- _Dataset records_

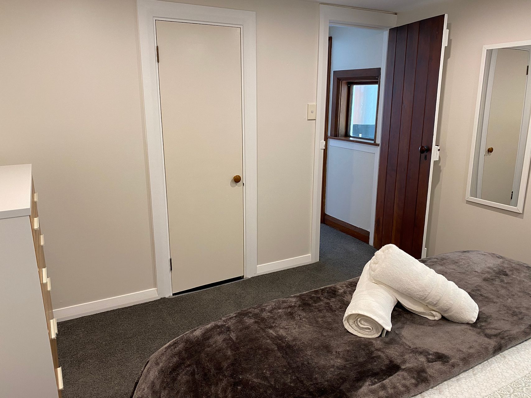 The bedroom has a double glazed window, a queen bed with bedding, chest of drawers, bedsides, lamps and a built in wardrobe with coat hangers, light and wardrobe heater,
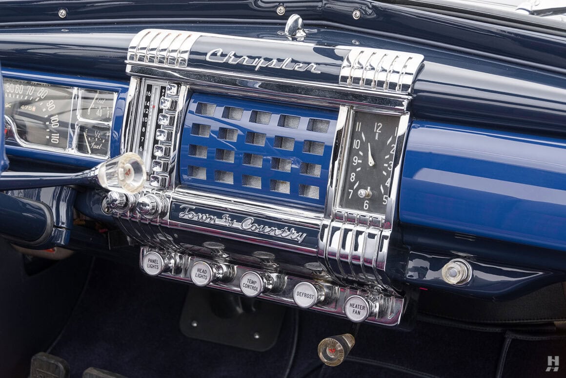 En général, seuls les cabriolets recevaient le moteur huit cylindres, tandis que les berlines étaient équipées d’une unité six cylindres plus petite. La puissance supplémentaire du huit (135cv contre 114cv) compense le poids élevé de la voiture, offrant des performances respectables et une croisière sans effort. Bien sûr, rouler Town & Country n’est pas une question de vitesse ; il s’agit plutôt d’un luxe somptueux et d’un style irréprochable.
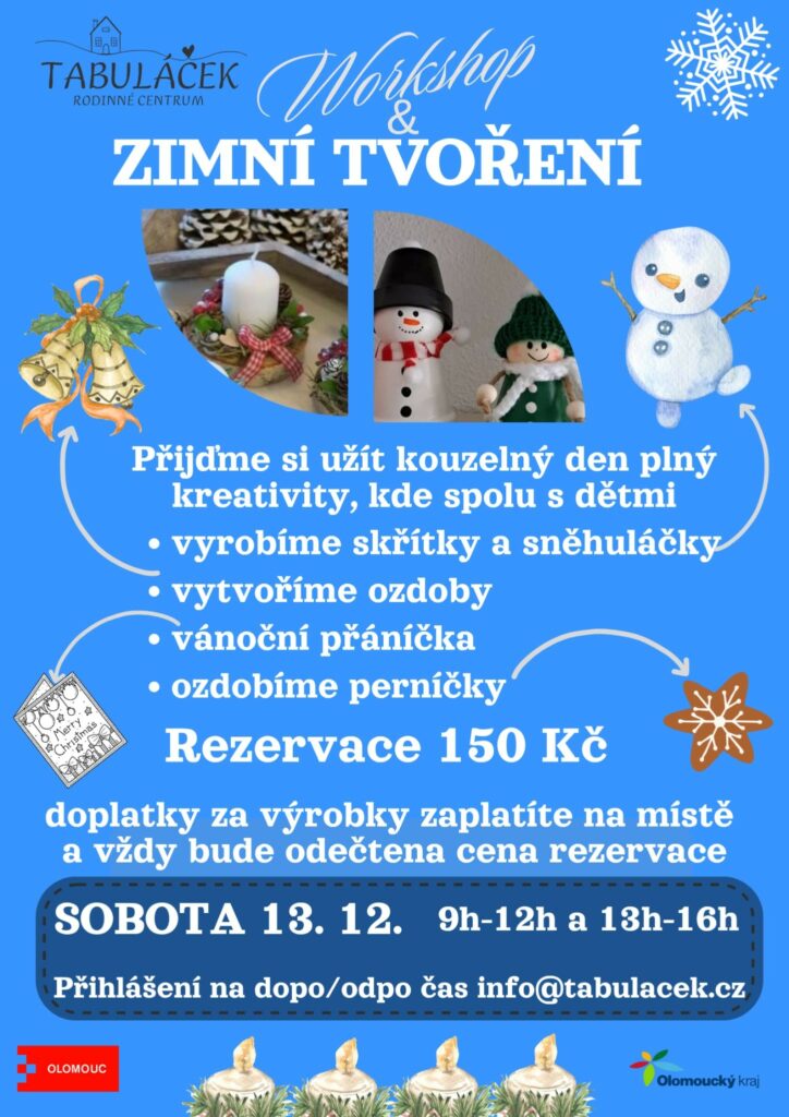 Přijďte si užít kouzelný den plný tvoření. Vyrobíme si skřítky a sněhuláčky, ozdoby, vánoční přáníčka a ozdobíme perníčky. Rezervace činí 150,- Kč, přičemž doplatky za výrobky zaplatíte na místě a vždy bude odečtena cena rezervace.
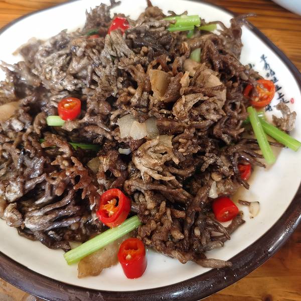 炒鸡爪菇~没吃过所以尝试一下~口感很脆.也挺香的~就是后面有吃到几口沙~总的来说还是可以的
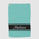 This design has a light teal background with black and light teal stripes. The name is in a script font and can be customised using the template field.
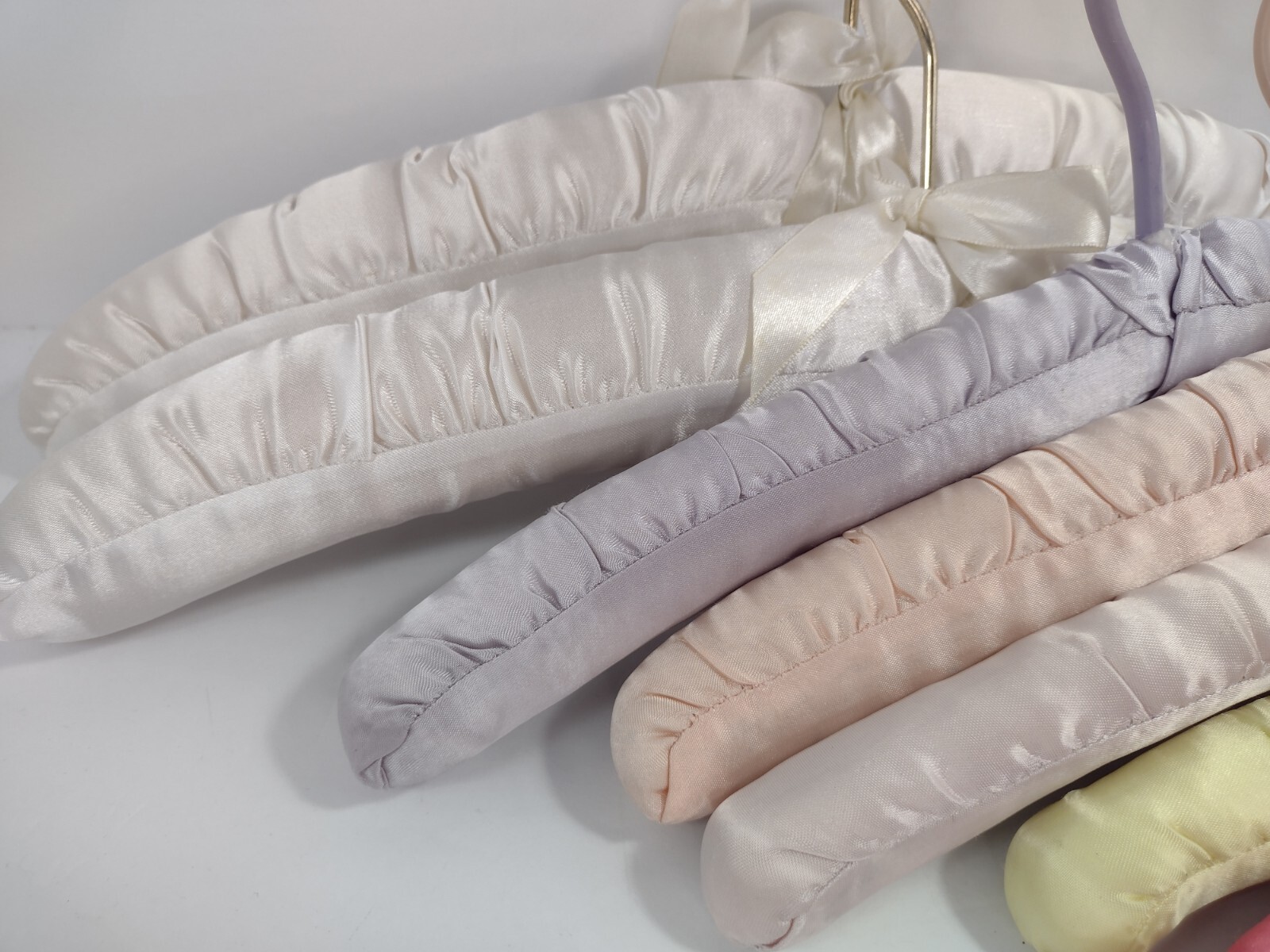 Lot Of 8 Vintage Satin Clothes Hangers 60s - 70s Grannycore Hippie Retro
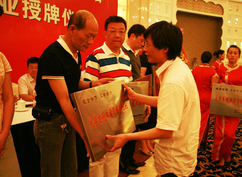夏晓军副院长为百强企业代表和大学生创业实习就业基地授牌
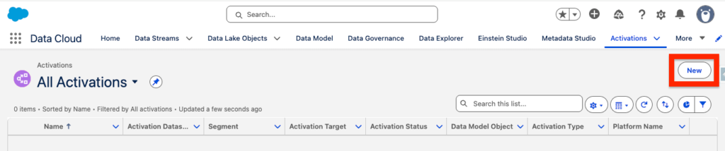 Still in Data 360, select the Activation Tab and click New.
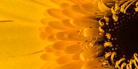 "Zonnige gele panorama" is een macrofoto van een stukje van een gele bloem (Gerbera). Door de gele kleur en blaadjes voelt het werk zonnig aan.

- _TASK ITEM_
Retype only the lines from the line with "夏晓军副院长为百强企业代表和大学生创业实习就业基地授牌" through the last line of the data. Keep both ends and skip the pictures.

- _COMPLETED EXERCISE_
夏晓军副院长为百强企业代表和大学生创业实习就业基地授牌
 Still in Data 360, select the Activation Tab and click New.
 "Zonnige gele panorama" is een macrofoto van een stukje van een gele bloem (Gerbera). Door de gele kleur en blaadjes voelt het werk zonnig aan.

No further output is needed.